ASSIGNMENT
Copy out all of the lines below exactly; the pictures do not belong in the copy.

COLLECTED MATERIAL
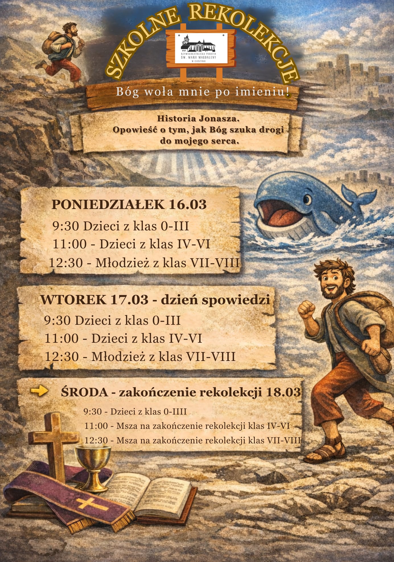 Tematem tegorocznych rekolekcji będzie historia Jonasza: „Bóg zna mnie po imieniu. Historia o tym, jak Bóg szuka drogi do naszego serca.”
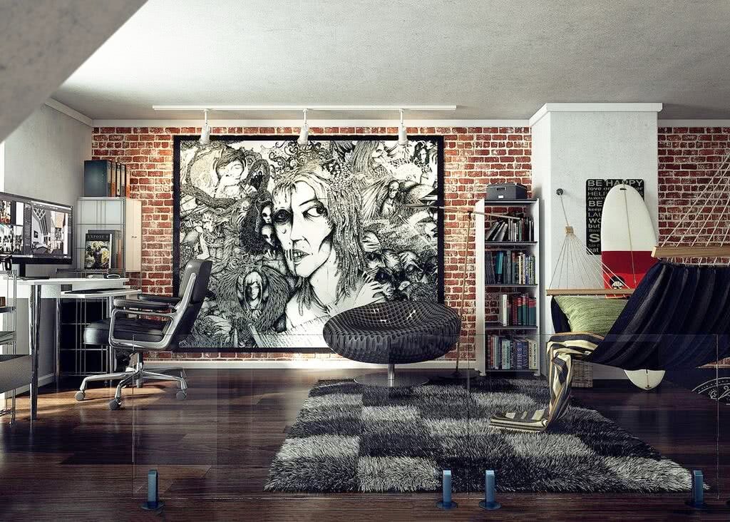 Концепция лофтовых апартаментов позволяет для оформления интерьера использовать плакаты и постеры с оригинальными надписями и специфической графикой. Черные и белые цвета декораций органично сочетаются с типографским текстом.
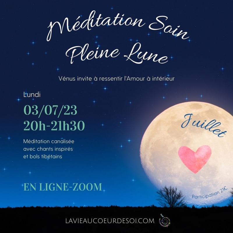 En présence, via zoom ou enregistrées, des méditations-soin pour vous aider dans votre cheminement spirituel. A la Pleine Lune ou à la Nouvelle Lune Elles sont canalisées, accompagnées de chants chamaniques, du son des bols tibétains, tambour et autres instruments. Nous prendront un moment avant de commencer pour parler des énergies présentes. Mettez vous en position de recevoir un soin ou une activation chamanique. Elles sont aussi une pratique pour avancer sur votre chemin dans ce monde en transition. Elles vous aident à: - vous renforcer physiquement et psychiquement - élever votre taux vibratoire - vous enraciner - vous aligner - ouvrir votre cœur - être plus à l’écoute de vous même - être plus à l’écoute de votre intuition - être plus lumineux - aller à la rencontre de notre Essence, la partie la plus lumineuse de votre être - vous relier à des êtres de hautes vibrations - à recevoir des transmissions vibratoires, de nouvelles fréquences, des activations Favoriser le changement extérieur, par le changement intérieur. Rayonnez votre Lumière Devenez une lanterne, un phare qui éclaire. Ces méditations sont proposées en intérieur, en pleine nature, en ligne et en enregistrement si vous n avez pu participer. Ecouter un exemple:

SOLUTION TO THIS EXERCISE
 Tematem tegorocznych rekolekcji będzie historia Jonasza: „Bóg zna mnie po imieniu. Historia o tym, jak Bóg szuka drogi do naszego serca.”
 Концепция лофтовых апартаментов позволяет для оформления интерьера использовать плакаты и постеры с оригинальными надписями и специфической графикой. Черные и белые цвета декораций органично сочетаются с типографским текстом.
 En présence, via zoom ou enregistrées, des méditations-soin pour vous aider dans votre cheminement spirituel. A la Pleine Lune ou à la Nouvelle Lune Elles sont canalisées, accompagnées de chants chamaniques, du son des bols tibétains, tambour et autres instruments. Nous prendront un moment avant de commencer pour parler des énergies présentes. Mettez vous en position de recevoir un soin ou une activation chamanique. Elles sont aussi une pratique pour avancer sur votre chemin dans ce monde en transition. Elles vous aident à: - vous renforcer physiquement et psychiquement - élever votre taux vibratoire - vous enraciner - vous aligner - ouvrir votre cœur - être plus à l’écoute de vous même - être plus à l’écoute de votre intuition - être plus lumineux - aller à la rencontre de notre Essence, la partie la plus lumineuse de votre être - vous relier à des êtres de hautes vibrations - à recevoir des transmissions vibratoires, de nouvelles fréquences, des activations Favoriser le changement extérieur, par le changement intérieur. Rayonnez votre Lumière Devenez une lanterne, un phare qui éclaire. Ces méditations sont proposées en intérieur, en pleine nature, en ligne et en enregistrement si vous n avez pu participer. Ecouter un exemple:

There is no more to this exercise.